BRIEF – Return every line below exactly, leaving nothing out.

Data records
· · · · · · ·

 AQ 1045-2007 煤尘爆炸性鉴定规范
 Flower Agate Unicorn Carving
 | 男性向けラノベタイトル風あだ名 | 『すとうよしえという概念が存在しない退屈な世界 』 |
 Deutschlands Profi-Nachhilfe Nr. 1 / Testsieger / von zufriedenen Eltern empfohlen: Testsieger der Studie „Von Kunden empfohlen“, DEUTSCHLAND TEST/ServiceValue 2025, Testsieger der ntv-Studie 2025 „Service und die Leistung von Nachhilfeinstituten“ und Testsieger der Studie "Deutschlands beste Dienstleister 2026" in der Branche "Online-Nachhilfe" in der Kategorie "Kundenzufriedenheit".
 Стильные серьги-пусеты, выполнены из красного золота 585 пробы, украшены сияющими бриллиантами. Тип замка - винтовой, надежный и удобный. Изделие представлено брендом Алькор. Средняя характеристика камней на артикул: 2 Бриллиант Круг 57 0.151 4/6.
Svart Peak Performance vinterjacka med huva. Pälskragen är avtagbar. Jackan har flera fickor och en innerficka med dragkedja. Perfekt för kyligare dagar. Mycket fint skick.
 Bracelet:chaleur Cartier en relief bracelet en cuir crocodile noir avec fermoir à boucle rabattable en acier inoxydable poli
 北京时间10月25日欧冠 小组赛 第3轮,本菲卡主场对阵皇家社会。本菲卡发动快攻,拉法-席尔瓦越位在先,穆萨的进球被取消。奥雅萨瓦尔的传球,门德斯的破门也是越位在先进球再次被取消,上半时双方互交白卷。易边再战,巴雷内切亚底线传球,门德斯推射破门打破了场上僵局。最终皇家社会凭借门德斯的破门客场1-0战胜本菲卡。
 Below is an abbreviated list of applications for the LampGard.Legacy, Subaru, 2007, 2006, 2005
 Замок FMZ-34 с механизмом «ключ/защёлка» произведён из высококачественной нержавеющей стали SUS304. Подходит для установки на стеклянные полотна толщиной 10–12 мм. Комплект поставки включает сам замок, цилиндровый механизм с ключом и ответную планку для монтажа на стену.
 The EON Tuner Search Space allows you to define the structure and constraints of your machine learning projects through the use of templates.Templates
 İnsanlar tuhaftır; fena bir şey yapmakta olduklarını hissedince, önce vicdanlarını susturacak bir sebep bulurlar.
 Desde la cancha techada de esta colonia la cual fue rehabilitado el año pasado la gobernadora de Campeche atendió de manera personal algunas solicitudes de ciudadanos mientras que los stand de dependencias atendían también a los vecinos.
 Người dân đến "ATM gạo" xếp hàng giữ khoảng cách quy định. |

· · · · · · ·

RESULT OF THIS EXERCISE –
 AQ 1045-2007 煤尘爆炸性鉴定规范
 Flower Agate Unicorn Carving
 | 男性向けラノベタイトル風あだ名 | 『すとうよしえという概念が存在しない退屈な世界 』 |
 Deutschlands Profi-Nachhilfe Nr. 1 / Testsieger / von zufriedenen Eltern empfohlen: Testsieger der Studie „Von Kunden empfohlen“, DEUTSCHLAND TEST/ServiceValue 2025, Testsieger der ntv-Studie 2025 „Service und die Leistung von Nachhilfeinstituten“ und Testsieger der Studie "Deutschlands beste Dienstleister 2026" in der Branche "Online-Nachhilfe" in der Kategorie "Kundenzufriedenheit".
 Стильные серьги-пусеты, выполнены из красного золота 585 пробы, украшены сияющими бриллиантами. Тип замка - винтовой, надежный и удобный. Изделие представлено брендом Алькор. Средняя характеристика камней на артикул: 2 Бриллиант Круг 57 0.151 4/6.
Svart Peak Performance vinterjacka med huva. Pälskragen är avtagbar. Jackan har flera fickor och en innerficka med dragkedja. Perfekt för kyligare dagar. Mycket fint skick.
 Bracelet:chaleur Cartier en relief bracelet en cuir crocodile noir avec fermoir à boucle rabattable en acier inoxydable poli
 北京时间10月25日欧冠 小组赛 第3轮,本菲卡主场对阵皇家社会。本菲卡发动快攻,拉法-席尔瓦越位在先,穆萨的进球被取消。奥雅萨瓦尔的传球,门德斯的破门也是越位在先进球再次被取消,上半时双方互交白卷。易边再战,巴雷内切亚底线传球,门德斯推射破门打破了场上僵局。最终皇家社会凭借门德斯的破门客场1-0战胜本菲卡。
 Below is an abbreviated list of applications for the LampGard.Legacy, Subaru, 2007, 2006, 2005
 Замок FMZ-34 с механизмом «ключ/защёлка» произведён из высококачественной нержавеющей стали SUS304. Подходит для установки на стеклянные полотна толщиной 10–12 мм. Комплект поставки включает сам замок, цилиндровый механизм с ключом и ответную планку для монтажа на стену.
 The EON Tuner Search Space allows you to define the structure and constraints of your machine learning projects through the use of templates.Templates
 İnsanlar tuhaftır; fena bir şey yapmakta olduklarını hissedince, önce vicdanlarını susturacak bir sebep bulurlar.
 Desde la cancha techada de esta colonia la cual fue rehabilitado el año pasado la gobernadora de Campeche atendió de manera personal algunas solicitudes de ciudadanos mientras que los stand de dependencias atendían también a los vecinos.
 Người dân đến "ATM gạo" xếp hàng giữ khoảng cách quy định. |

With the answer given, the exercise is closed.